In these models of mild ALIp and ALIexp, sigh reduced alveolar collapse and transpulmonary pressures during both PCV and PSV; however, improved lung protection only during PSV in ALIp.
在急性呼吸窘迫综合征患者的压力控制通气(PCV)和压力支持通气(PSV)过程中,叹息可改善氧合及肺力学。然而,迄今为止,尚无研究评估在实验性肺(p)和肺外(exp)轻度急性肺损伤(ALI)中,PCV或PSV期间叹息对肺及远端器官的生物学影响。
在48只Wistar大鼠中,通过气管内(ALIp)或腹腔内(ALIexp)注射大肠杆菌脂多糖诱导ALI。24小时后,将动物麻醉并采用PCV或PSV进行机械通气,潮气量为6 mL/kg,FiO2 = 0.4,呼气末正压(PEEP)= 5 cmH2O,持续1小时。然后将两种通气策略随机分为接受周期性叹息(每小时10次叹息,叹息组)或不接受(非叹息组,NS)。分析通气和力学参数、动脉血气、肺组织学、白细胞介素(IL)-1β、IL-6、半胱天冬酶-3和III型前胶原(PCIII)在肺组织中的mRNA表达,以及肺、肝和肾标本中的凋亡细胞数量。

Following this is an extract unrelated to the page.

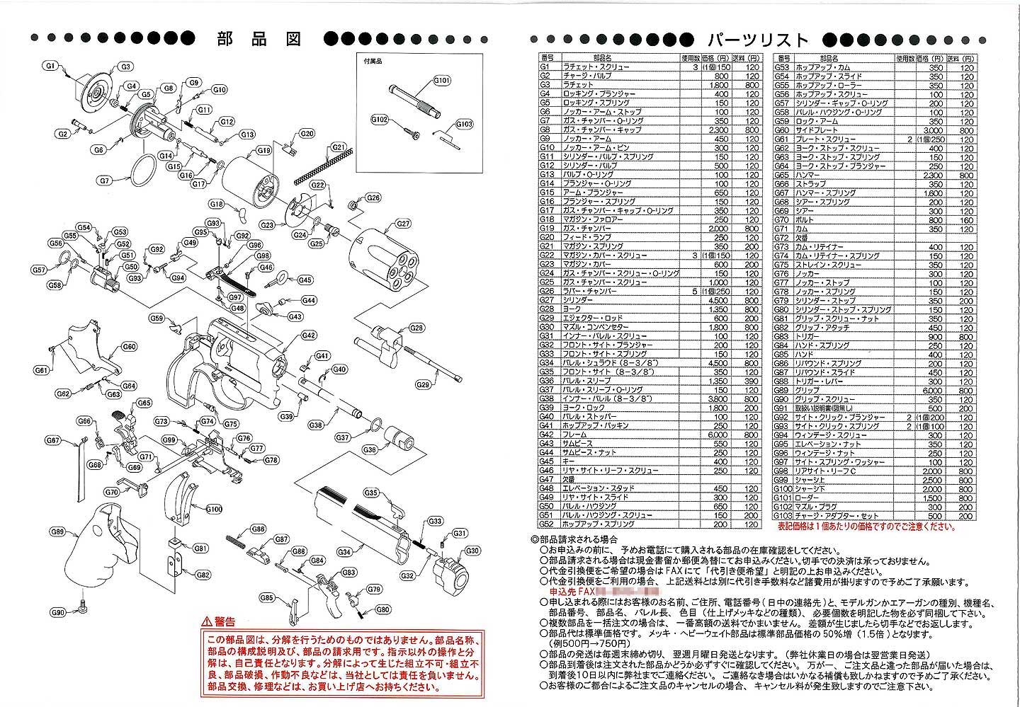 タナカガスガンの分解図です。

在两种ALI病因中:(1)PCV-叹息组和PSV-叹息组降低了跨肺压,(2)与PSV-NS相比,PSV-叹息组降低了呼吸驱动。在ALIp中:(1)PCV-叹息组和PSV-叹息组减少了肺泡萎陷以及肺组织中IL-1β、IL-6、半胱天冬酶-3和PCIII的表达,(2)PCV-叹息组增加了肺泡-毛细血管膜和内皮细胞损伤,(3)PCV-NS组中具有Z盘水肿的异常肌原纤维比PSV-NS组更严重。在ALIexp中:(1)PSV-叹息组减少了肺泡萎陷,但导致肺泡-毛细血管膜以及II型上皮和内皮细胞损伤,(2)PCV-叹息组和PSV-叹息组增加了IL-1β、IL-6、半胱天冬酶-3和PCIII的表达,(3)与PCV-NS相比,PCV-叹息组增加了肺中凋亡细胞的数量。
在这些轻度ALIp和ALIexp模型中,叹息在PCV和PSV期间均降低了肺泡萎陷和跨肺压;然而,仅在ALIp的PSV期间改善了肺保护。